No arguments against the bill were advanced by the members of the House Labor Committee or those offering testimony.  Representatives of local government did point out that the bills would increase their costs since they are reimbursing employers under the system (who are not taxed, but who cover their displaced workers after they lose work).

                                                                                           Legislative Analyst:   J. Hunault

                                                                                                   Fiscal Analyst:   Mark Wolf

This analysis was prepared by nonpartisan House staff for use by House members in their deliberations, and does not constitute an official statement of legislative intent.



[1] http://www.ows.doleta.gov/unemploy/budget.asp#tfloans

[2] See Section 203 of the EUCA.  The IUR is, essentially, the ratio of (1) the average number of UI claims in a week and (2) covered employment.

[3] The state previously adopted the alternate TUR trigger with the enactment of 2003 PA 174 in order to provide unemployed individuals with Temporary Extended Unemployment Compensation  (TEUC-X) benefits authorized under PL 107-147, PL 108-1, and PL 108-26, after the state triggered "off" for TEUC-X benefits based on the state's IUR. 

[4] See Section 203 of the EUCA and Section 64 of the MESA, which states "[a]n individual's 'eligibility period' consists of the week in his or her benefit year that begins in an extended benefits period, and if his or her benefit year ends within the extended benefit period, any weeks thereafter that begin in the period." 

[5] The UI provisions are contained in Subtitle A (Unemployment Insurance) of Title II (Assistance for Unemployed Workers and Struggling Families) of Division B (Tax, Unemployment, Health, State Fiscal Relief, and Other Provision) of the Recovery Act.  See, also, the Joint Explanatory Statement of the Committee of Conference, [http://appropriations.house.gov/pdf/Recovery_JS_DivB.pdf]. 

[6] EB benefits provided to displaced workers from states and local governments are not, under the permanent EUCA or the Recovery Act, payable by the federal government.  

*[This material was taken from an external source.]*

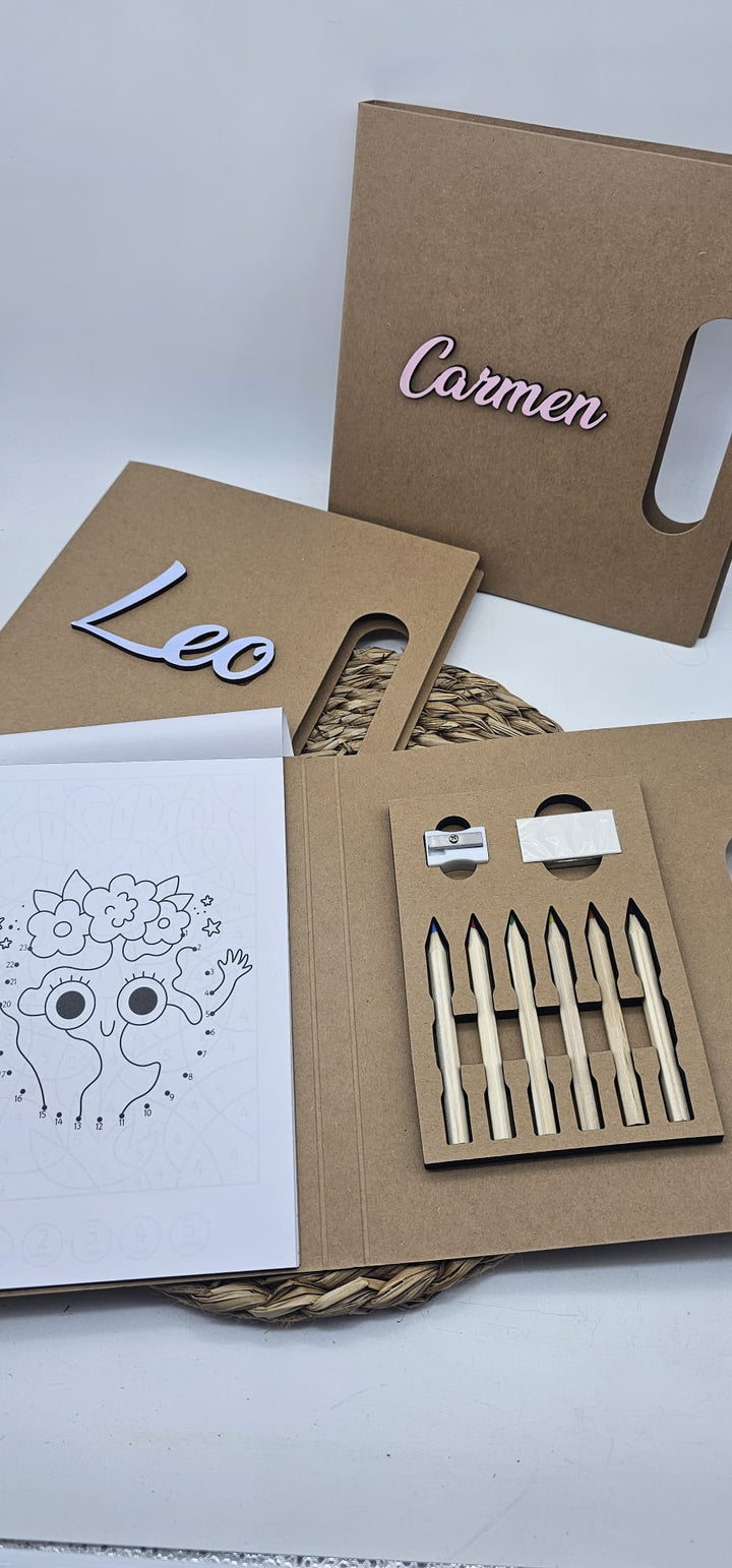 Divertido conjunto de dibujos y lápices de colores en una práctica carpeta con asas. Incluye:

[7] This potential change is not addressed in the legislation here.  The temporary EUC08 benefit program provides individuals who exhaust regular benefits with up to 13 weeks of benefits (Tier 1) and additional 20 weeks (Tier 2) in states with high unemployment.  (Michigan is a high unemployment state.)  The program was established with the enactment of the Supplemental Appropriations Act of 2008 (PL 110-252).  As amended by the Recovery Act, EUC08 benefits are available to individuals exhausting benefits before December 31, 2009.  Individuals who exhaust regular benefits before the end of 2009 are eligible for the 13 weeks of Tier 1 EUC08 benefits.  Individuals who exhaust Tier 1 benefits before the end of 2009 are eligible for the 20 weeks of Tier 2 benefits.  Individuals who exhaust regular benefits or Tier 1 benefits after the end of 2009 are not eligible for EUC08 benefits.  EUC08 benefits are paid for entirely by the federal government. 

[8] 213,829 multiplied by 7 weeks (the additional number of weeks provided through adoption of the TUR trigger), multiplied by $301.73 (the average EUC08 weekly benefit amount for July 2008 through December 2008 [$276.73] plus $25 in Federal Additional Compensation).  For claims and wage data on the EUC08 program see, [http://ows.doleta.gov/unemploy/euc.asp]. 

[9] Under Section 46 of the Michigan Employment Security Act (MCL 421.46), a "benefit year" is the period of 52 consecutive calendar weeks beginning the first calendar week in which an individual files a claim.